Chattanooga wins pension lawsuit filed by retired police officers, firefighters

Judge rules city can cut the adjustment for costs of living

Chattanooga Mayor Andy Berke turns to police and firefighter union leaders during his announcement of a decision about the police and firefighters pension plan at the Fraternal Order of Police headquarters on Holtzclaw Avenue.
Chattanooga Mayor Andy Berke turns to police and firefighter union leaders during his announcement of a decision about the police and firefighters pension plan at the Fraternal Order of Police headquarters on Holtzclaw Avenue.

In a big win for Chattanooga Mayor Andrew Berke's administration, a federal court judge dismissed a lawsuit filed by four retired police officers and firefighters that challenged the city's decision to reduce the cost-of-living adjustments to their pensions.

U.S. District Court Judge Curtis Collier granted the city's motion for summary judgment in a decision issued Tuesday.

photo Curtis Collier
photo Current firefighter's Richard Meier, left, and Tim Zink walk with retired firefighter Greg Gaston and more than 30 police and firefighters march to City Hall for a City Council meeting in February in protest of Chattanooga Mayor Andy Berke's pension reform.
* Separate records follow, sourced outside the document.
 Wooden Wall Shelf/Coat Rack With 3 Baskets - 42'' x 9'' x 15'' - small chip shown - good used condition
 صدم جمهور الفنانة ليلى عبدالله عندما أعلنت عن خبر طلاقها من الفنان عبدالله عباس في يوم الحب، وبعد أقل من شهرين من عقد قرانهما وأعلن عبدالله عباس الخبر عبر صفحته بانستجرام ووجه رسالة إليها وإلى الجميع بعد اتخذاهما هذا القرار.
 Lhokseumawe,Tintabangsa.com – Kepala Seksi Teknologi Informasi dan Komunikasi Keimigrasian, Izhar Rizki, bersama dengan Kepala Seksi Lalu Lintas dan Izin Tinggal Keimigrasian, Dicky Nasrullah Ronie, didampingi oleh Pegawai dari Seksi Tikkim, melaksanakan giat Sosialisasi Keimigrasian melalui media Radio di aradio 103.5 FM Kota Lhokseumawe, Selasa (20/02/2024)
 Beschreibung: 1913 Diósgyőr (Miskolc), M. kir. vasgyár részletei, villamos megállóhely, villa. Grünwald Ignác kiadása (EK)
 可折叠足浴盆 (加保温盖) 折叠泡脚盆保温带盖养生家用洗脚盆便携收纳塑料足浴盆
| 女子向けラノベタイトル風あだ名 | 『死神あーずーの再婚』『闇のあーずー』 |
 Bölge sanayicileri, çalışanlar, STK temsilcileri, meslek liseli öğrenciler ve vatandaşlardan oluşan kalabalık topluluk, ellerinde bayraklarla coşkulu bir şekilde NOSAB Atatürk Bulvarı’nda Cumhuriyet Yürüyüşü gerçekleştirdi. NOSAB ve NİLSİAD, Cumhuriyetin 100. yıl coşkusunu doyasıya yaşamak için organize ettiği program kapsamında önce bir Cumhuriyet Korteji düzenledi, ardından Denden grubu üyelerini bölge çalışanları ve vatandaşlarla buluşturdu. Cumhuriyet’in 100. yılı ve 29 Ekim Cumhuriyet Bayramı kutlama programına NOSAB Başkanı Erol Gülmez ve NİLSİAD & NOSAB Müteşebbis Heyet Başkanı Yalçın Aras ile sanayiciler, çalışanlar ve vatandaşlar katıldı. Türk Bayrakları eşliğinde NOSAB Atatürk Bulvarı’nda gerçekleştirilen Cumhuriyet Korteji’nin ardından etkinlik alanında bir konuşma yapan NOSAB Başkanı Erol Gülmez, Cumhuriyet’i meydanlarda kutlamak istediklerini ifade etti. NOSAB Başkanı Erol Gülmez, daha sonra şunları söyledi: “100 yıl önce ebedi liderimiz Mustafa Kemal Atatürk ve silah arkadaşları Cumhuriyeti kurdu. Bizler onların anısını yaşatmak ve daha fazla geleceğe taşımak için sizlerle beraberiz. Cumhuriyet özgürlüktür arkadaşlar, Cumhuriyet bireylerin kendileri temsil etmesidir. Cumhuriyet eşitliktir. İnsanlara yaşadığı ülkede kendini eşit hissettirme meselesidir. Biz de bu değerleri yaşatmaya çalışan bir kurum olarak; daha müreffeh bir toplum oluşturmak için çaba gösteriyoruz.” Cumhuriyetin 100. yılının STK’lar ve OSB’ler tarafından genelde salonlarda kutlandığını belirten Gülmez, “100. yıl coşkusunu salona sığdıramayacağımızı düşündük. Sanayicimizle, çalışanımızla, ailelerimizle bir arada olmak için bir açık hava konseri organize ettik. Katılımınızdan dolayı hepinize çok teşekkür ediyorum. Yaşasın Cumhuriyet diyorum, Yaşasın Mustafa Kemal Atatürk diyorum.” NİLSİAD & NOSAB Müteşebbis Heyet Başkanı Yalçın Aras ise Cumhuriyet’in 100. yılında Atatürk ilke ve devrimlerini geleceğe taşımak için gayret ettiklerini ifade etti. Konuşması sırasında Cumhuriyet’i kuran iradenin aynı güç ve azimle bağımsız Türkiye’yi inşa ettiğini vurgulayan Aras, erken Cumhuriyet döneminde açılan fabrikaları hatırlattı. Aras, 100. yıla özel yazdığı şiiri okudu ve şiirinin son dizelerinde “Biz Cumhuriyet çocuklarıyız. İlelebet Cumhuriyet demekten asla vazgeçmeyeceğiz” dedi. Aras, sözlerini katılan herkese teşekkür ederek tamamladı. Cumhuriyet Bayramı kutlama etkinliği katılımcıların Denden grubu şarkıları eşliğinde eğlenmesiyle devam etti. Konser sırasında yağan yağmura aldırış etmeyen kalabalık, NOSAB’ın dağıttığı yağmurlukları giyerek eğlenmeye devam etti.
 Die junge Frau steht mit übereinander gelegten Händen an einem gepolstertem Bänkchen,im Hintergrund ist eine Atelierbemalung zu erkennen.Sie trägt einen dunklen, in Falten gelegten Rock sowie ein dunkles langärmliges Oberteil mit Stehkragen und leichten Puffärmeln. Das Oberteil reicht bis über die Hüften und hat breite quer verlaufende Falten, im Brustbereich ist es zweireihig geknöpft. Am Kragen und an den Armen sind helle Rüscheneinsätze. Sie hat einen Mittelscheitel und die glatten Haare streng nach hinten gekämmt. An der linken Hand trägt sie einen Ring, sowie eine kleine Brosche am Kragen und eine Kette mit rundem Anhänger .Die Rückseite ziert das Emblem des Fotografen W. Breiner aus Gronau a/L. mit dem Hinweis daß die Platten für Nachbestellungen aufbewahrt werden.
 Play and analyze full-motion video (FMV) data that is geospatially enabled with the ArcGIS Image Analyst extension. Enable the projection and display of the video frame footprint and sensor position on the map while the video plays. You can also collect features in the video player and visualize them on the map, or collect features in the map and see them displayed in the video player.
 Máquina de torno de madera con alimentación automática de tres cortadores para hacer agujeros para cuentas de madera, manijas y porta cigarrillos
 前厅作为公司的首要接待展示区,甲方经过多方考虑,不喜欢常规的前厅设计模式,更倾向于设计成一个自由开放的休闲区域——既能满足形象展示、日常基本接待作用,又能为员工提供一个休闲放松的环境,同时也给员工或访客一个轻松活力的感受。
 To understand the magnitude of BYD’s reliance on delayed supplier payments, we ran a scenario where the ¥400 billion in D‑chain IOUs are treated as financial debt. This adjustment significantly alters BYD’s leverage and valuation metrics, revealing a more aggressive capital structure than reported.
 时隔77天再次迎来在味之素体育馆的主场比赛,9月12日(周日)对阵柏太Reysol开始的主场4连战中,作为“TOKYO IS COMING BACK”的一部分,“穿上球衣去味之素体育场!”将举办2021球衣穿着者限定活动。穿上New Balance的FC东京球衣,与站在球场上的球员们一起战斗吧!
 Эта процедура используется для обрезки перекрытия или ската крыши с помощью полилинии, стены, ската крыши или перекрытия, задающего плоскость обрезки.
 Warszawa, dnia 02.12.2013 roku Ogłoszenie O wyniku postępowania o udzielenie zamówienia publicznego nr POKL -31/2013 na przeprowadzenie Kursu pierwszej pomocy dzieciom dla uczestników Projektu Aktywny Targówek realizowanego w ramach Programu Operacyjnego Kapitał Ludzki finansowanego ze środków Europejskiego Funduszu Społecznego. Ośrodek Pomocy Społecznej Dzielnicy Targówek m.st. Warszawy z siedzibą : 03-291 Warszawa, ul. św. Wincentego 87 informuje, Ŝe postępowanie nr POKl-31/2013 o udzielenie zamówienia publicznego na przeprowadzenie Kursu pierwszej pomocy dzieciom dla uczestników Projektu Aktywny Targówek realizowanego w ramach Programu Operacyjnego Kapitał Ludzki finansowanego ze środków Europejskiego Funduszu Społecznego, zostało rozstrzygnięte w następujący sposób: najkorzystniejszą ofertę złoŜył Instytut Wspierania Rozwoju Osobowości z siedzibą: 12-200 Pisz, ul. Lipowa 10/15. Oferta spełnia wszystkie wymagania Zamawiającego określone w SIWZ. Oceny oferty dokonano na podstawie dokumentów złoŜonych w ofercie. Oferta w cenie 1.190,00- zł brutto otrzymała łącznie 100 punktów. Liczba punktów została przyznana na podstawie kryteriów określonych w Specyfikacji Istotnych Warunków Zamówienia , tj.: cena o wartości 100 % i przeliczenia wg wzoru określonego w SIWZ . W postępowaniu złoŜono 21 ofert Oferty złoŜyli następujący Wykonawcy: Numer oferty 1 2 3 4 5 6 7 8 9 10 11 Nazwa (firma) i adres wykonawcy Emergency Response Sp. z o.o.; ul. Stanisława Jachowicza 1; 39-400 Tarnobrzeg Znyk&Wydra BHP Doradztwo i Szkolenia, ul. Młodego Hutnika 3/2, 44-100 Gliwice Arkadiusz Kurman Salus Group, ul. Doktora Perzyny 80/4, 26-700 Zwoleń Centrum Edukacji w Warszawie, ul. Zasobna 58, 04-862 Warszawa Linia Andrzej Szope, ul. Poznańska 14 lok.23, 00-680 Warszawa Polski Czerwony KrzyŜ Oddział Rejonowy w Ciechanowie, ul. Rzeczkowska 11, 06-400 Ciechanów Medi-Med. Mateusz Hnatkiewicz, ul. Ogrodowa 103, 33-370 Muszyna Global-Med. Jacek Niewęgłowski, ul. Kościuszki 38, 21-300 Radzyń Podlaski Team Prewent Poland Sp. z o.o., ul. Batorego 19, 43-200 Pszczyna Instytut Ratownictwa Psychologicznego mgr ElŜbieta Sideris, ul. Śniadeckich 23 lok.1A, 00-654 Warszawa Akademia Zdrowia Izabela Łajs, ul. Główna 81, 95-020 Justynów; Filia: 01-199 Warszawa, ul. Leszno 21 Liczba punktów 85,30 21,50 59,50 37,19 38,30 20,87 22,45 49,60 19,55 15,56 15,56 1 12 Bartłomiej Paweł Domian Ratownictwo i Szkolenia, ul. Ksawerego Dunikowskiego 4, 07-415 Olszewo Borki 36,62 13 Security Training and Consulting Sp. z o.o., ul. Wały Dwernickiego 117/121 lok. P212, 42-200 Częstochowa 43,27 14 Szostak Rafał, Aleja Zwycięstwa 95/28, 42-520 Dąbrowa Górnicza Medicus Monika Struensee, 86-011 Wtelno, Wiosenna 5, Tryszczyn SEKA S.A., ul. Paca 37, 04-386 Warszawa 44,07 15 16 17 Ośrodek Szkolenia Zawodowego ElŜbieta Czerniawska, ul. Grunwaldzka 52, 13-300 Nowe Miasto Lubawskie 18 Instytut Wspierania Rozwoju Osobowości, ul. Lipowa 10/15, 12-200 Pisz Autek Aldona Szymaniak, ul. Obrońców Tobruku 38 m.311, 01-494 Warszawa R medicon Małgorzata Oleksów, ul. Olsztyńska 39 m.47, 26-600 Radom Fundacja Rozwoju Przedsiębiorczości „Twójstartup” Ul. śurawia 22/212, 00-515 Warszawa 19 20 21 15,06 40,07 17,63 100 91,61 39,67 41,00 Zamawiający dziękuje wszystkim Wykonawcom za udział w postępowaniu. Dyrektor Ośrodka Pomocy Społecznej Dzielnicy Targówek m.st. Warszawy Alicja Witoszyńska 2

Mayor Berke praised the ruling, saying it preserved his pension reform plan. "Last year, the Fire and Police Pension was reformed to ensure the longterm fiscal health of the city and meet our obligations to first responders," he said in a statement. "We are excited this solution was validated by the court today, ensuring the city will be able to continue to provide competitive benefits for our police and firefighters for years to come."

In 2014, the City Council voted to reduce the cost-of-living adjustment, or COLA, for retired police officers and firefighters from a guaranteed annual 3 percent rate to an average of 1.5 percent, depending on the level of benefits a retiree was receiving. Reducing the cost-of-living adjustment level was part of a package of reforms produced by an 18-member task force Berke set up to reduce the city's $150 million unfunded pension liability and address what the mayor said was an increasingly unsustainable city contribution to the pension fund.

The reform also increased employees' pension contributions by nearly 40 percent, while saving the city more than $227 million over the next 24 years, the mayor's office said.

In response, two retired firefighters and two retired police officers filed a class-action lawsuit, claiming that the city was taking away a vested financial interest they felt was promised to them.

In his ruling, Judge Collier rejected that claim, agreeing with the city that the cost-of-living adjustment was not a contract. The initial city pension plan, adopted in 1949, did not contain any adjustment for increases in the cost of living. That was added in 1980 and was pegged to the Consumer Price Index, with a maximum of 3 percent. That was changed in 2000 to a guaranteed 3 percent annual increase.

The judge noted that courts generally do not assume that lawmakers intend to establish a contract unless they specifically say so, citing a 2001 case in which a federal appeals court concluded, "the presumption is that 'a law is not intended to create private contractual or vested rights but merely declares a policy to be pursued until the legislature shall ordain otherwise.'"

He then turned to the city code that sets up the pension plan, noting that while it sets out the specific rights a retired police officer or firefighter has to a pension, it does not mention a cost-of-living adjustment. He concluded that the cost-of-living adjustment was not a vested right.

"The placement of the COLA in a provision of the City Code apart from the vesting provisions and the provisions listing retirement and pension benefits indicates that the COLA is not a vested financial benefit," Judge Collier wrote.

He added that the idea of a cost-of-living adjustment weighs against finding that it is a vested benefit.

"A COLA is an adjustment to the pensioners' benefit rather than a benefit itself," he wrote. "It is designed to ameliorate the effects of inflation It makes sense that the City would preserve its ability to adjust the COLA to respond to shifts in inflation rather than locking itself into a 3 percent COLA for all time."

Retired firefighter Greg Gaston, one of the plaintiffs in the case, said he was disappointed in the outcome, but said he and his fellow plaintiffs will appeal the ruling.

"It's not the end of it," he said. "I just believe right's right and wrong's wrong and the city ought to do what they promised."

Firefighter Chip O'Dell, who led protests against Berke's reform initiative in 2014, said many police officers and firefighters feel betrayed by the city.

"This is a benefit that was promised us back in 1999," he said in an interview Tuesday evening. "A lot of guys retired at 25 years because they were promised the cost-of-living increase. Berke jerked that out from under them."